I’m the CTO of an S3-compatible cloud storage company and we have had several customers reach out to us about using our service for chia harvesting. I’ve compiled some tips for them and felt like I’d share them here in case anyone else finds them useful.
Use software to mount the cloud storage that has a small overfetch setting. Some of them fetch 5 or 10 MB at a time and Chia doesn’t need to fetch that much on its random seeks when solving challenges. Goofys seems to do pretty well with the defaults, others might be fine if you configure them.
Don’t plot directly to cloud storage. This one will probably seem obvious to most people, but we have seen it. Plot locally.
Beware when using ‘-d, --final_dir’. Chia will write out the final file using a ‘.tmp’ in the destination, then rename that file to the file plot file. This causes your plot to be uploaded twice because S3 doesn’t support renames. It also will rack up your early delete fees
We wrote up some of these tips into a blog post Set Up Chia Storage for $4/TB - CrowdStorage. Let me know if anyone is interested in the step-by-step how to get the parallel PR cherry-picked. We are also considering adding a patch to chiapos to add a flag to help with step 3 so you can plot to your tmpdirs and then have it stream the plot out once direct to cloud storage so you don’t have to have the extra disk space to finish the plot completely.
our plotting service does support CrowdStorage, we did had the same issue as on 3. for the first day(i was really surprised that “hot storage” s3 providers cant make a copy on write since the file doesnt change at all and needs NO reupload, nor does the checksum/hash change), but we fixed it
you can now just directly order plots from us and we upload them to your CrowdStorage bucket as soon as their done with no manual steps required at all.
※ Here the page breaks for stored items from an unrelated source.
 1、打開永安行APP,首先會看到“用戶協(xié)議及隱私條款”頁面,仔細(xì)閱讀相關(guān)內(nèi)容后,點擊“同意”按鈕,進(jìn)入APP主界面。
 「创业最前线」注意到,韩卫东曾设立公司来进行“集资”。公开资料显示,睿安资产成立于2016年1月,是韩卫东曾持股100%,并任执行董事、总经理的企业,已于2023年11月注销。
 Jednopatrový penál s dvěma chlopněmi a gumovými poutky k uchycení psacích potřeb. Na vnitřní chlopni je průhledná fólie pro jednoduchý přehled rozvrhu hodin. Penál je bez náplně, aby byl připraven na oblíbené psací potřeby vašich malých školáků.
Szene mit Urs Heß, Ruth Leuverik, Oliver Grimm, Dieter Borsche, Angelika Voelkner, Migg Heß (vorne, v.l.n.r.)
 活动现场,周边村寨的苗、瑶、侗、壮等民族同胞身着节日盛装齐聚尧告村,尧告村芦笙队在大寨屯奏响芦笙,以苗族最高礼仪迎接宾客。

Brilliant. This would help accelerate decentralized storage solutions and is so much cost effective than what datacenters can provide today. It is a win win as for example myself I could want to offer my storage to others in the future but I would not want to pay for the redundancy measures that you need with centralized storage.
Looks like this is merged to chiapos master, but they haven’t had a release since 1.0.2 2 weeks ago. I hope it’s safe to run master I’ll be trying that ASAP.
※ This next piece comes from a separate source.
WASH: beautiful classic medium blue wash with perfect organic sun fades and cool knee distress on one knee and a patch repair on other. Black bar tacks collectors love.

Yes this looks useful. It was my understanding that doing a time chia check -n5 and dividing the time by 5 was a good approximation to a full challenge’s solution time.
I found out that most of the quality check time drops to zero after the first few checks, I assume because it all lands in disk cache and the right hand branches through the table have all been touched prior. Same for the checks themselves. Since the proofs done by check are deterministic the second pass of check -n5 runs at RAM speed, not network speed. You probably saw this in your testing as well.
I wondered about getting some gains by prefetching a few quality checks when a new plot is discovered to accelerate the first time it gets hit for a real check.
Yes, need to make sure you clear the fs caches between benchmarks. With the parallel PR it seemed like there was ample headroom to get the challenges done in time. (~2-3 seconds).
This is amazing. Just dropped my proof checks over the internet from 26 seconds worst case to 4 seconds. Might be possible to harvest cloud plots from home with this change.
So the patches suggested in this thread are all incorporated in the 1.0.3 Chiapos? (and next release of chia for the latency reduction on checking plots I assume - edit I see chiapos has a verifier as well)
What kind of hardware could be used to work with plots in bucket? Could someone share configuration, and how many plots could be in one bucket for one harvester?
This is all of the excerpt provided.